When you stumble shell-shocked from a nine-year long relationship that has exploded in betrayal, you lose things. Not just all the obvious things such as trust, self-confidence and a belief in love. You lose everything you once enjoyed sharing together. You lose places and favourite meals. You lose the comedies you both laughed at and you lose music.
One of the reasons for this is that music is time travel. You can hear a song and be instantly transported to the moment it became resonant and meaningful. A song is able to contain such a powerful emotional charge that it can fold any amount of time and space. The soundtrack to your life is also the map which records all the temporal wormholes into your past.
For me Suicide Is Painless is both a chart of the direct route and mode of transportation to The Deanes School disco in 1982. My first slow dance with Elaine Steel. The revelatory feeling as the soft curve of breast pressed into me. The flair of nascent hormones. Temple of Love takes me to the goth crowd surge of the Pink Toothbrush. The Soul Of Carmen Miranda and I am in The Back Room with The Dove, clinking bottles of Mexican beer.
Losing music hurts a lot. In the painful aftermath of Anne-Marie Forker*, I lost the ability to listen to a host of music that I had once thrilled to. I lost The Beatles and The Pixies. I lost a lot of bands and I lost Pulp.
Of course I still had Jarvis Cocker because he himself has lost Pulp. He was still as witty and angry as ever. Breaking my heart with Everyone Loves The Underdog. Moving on from parading pithy comments about the working class to actually attacking the philosophies of power structures exploiting them on Running The World. His Quantum Theory, with lyrics about slipping into parallel dimensions where things turn out differently, made me teary.
However, it was Jarvis solo. Fresh songs, none of memory baggage or danger of temporal slipping that came with Pulp. Dancing with Surreal Girl to Jarvis at the Shepherds Bush Empire was joyous. Walking hand-in-hand from gig to Tube, it was clear that not only was Jarvis undimmed, so was I. There were no ghosts and my heart was full of love.
Everything was fine except I still missed Pulp. Missed a treasury of songs with killer choruses and acerbic, funny lyrics about things that mattered. The music I was afraid to listen to because of the past, was music that meant still meant something to me beyond the awful emotional entanglements it had picked up along the way.
Reclaiming Pulp started with discovering songs I had failed to hear first time around. A whole range of stunning B-sides and tracks for films completely new to my ears. Unsoiled songs with no temporal connections.

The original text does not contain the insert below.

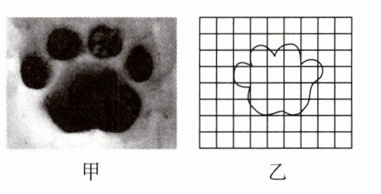11. [2024·北京] 近年来在东北林区发现了越来越多野生东北虎的足迹。生物学家为了估算某只野生东北虎的质量,在松软、平坦且足够深的雪地上,选取该东北虎四脚着地停留时的脚印,其中的一个脚印如图甲所示。在方格纸上描绘出脚印的轮廓,如图乙所示,图中每个小方格的面积均为 9 cm²,数出脚印轮廓所围小方格的个数(凡大于半格的都算一个格,小于半格的都不算),用数出的小方格的个数乘一个小方格的面积,就大致得出了脚印的面积。测出脚印的深度,在脚印旁边相同的雪地上放一底面积为 100 cm² 的平底容器,在容器中缓缓放入适当的物体,当容器下陷的深度与脚印的深度相同时,测出容器及内部物体的总质量为 30 kg。忽略脚趾和脚掌之间空隙的面积,$g$ 取 10 N/kg,求:

Cocaine Socialism was the first – a scathing attack on New Labour attitudes once they were ensconced in Whitehall. For someone who became a political lobbyist in 1997, it caught everything I had felt at the time. It was as much an anthem for me as David’s Last Summer or Common People had ever been.
By the time I was dancing to tracks as obscure as This Boy’s Evil, I knew I was ready to take back whole lost albums such as Different Class and This Is Hardcore. This was music too good to be ruined by painful memories. It was a blissful shock to listen to all those songs I once loved, but had been avoiding. I now know that relationship revenants are easily exorcised from musical entanglement by a combination of current happiness and secure love.
Now Pulp themselves are back. The old gang reunited. Hopefully they will on form and able to score a soundtrack of popular discontent. Able to create new anthems for this callous ConDem Nation. This coming summer could be the season in which Jarvis delivers his most powerful kicking against the pricks yet. After all, there are an awful lot of public school boys, mendacious manipulators and bullies in power to aim for these days.
In July, Surreal Girl and I will throw down a blanket in Hyde Park. Stepping around our picnic of home-baked sausage pie and strong Spanish wine, we will dance and kiss. She will hold me as I bask in the warmth of her skin.
Pulp will play into ears free from the fear of past hurt. Songs reborn to accompany the new trajectories of history. Songs creating a whole new network of memories; time travel tunnels back to this moment. Songs slotted back into their rightful place in the soundtrack of my life.
*Or as she is known in our home these days and in this blog from now on, FK.
6 comments:
A stunningly Beautiful piece, joyous and strong. The Love you share conquers all and this is testament to it..
Dude, aptly put even for a Chicago boy where the rage of the machine beats in time to the pain of living.
We had Rage at The Pink Toothbrush ...
Sounds to me like an emotional fait accompli that has been long deserved and because of Surreal Girl's naturally, firm footing. A most enjoyable kind.
Gucci Muse
Hmmm, the Pink Toothbrush was called Crocs when I was in my teens. I return to its dark and dingy interior with my dear departed lost love whenever I hear "A Forest" by The Cure. Truly a time tunnel to my Gothic past ;)
Crocs – when it hosted the first ever live gigs by the likes of Depeche Mode and Yazoo. It is a powerful place for temporal echoes. All those teenage traumas and dreams soaked into the dance floor. Strangely, their used to be a painting of me with a clock drawn on my face in the Toothbrush.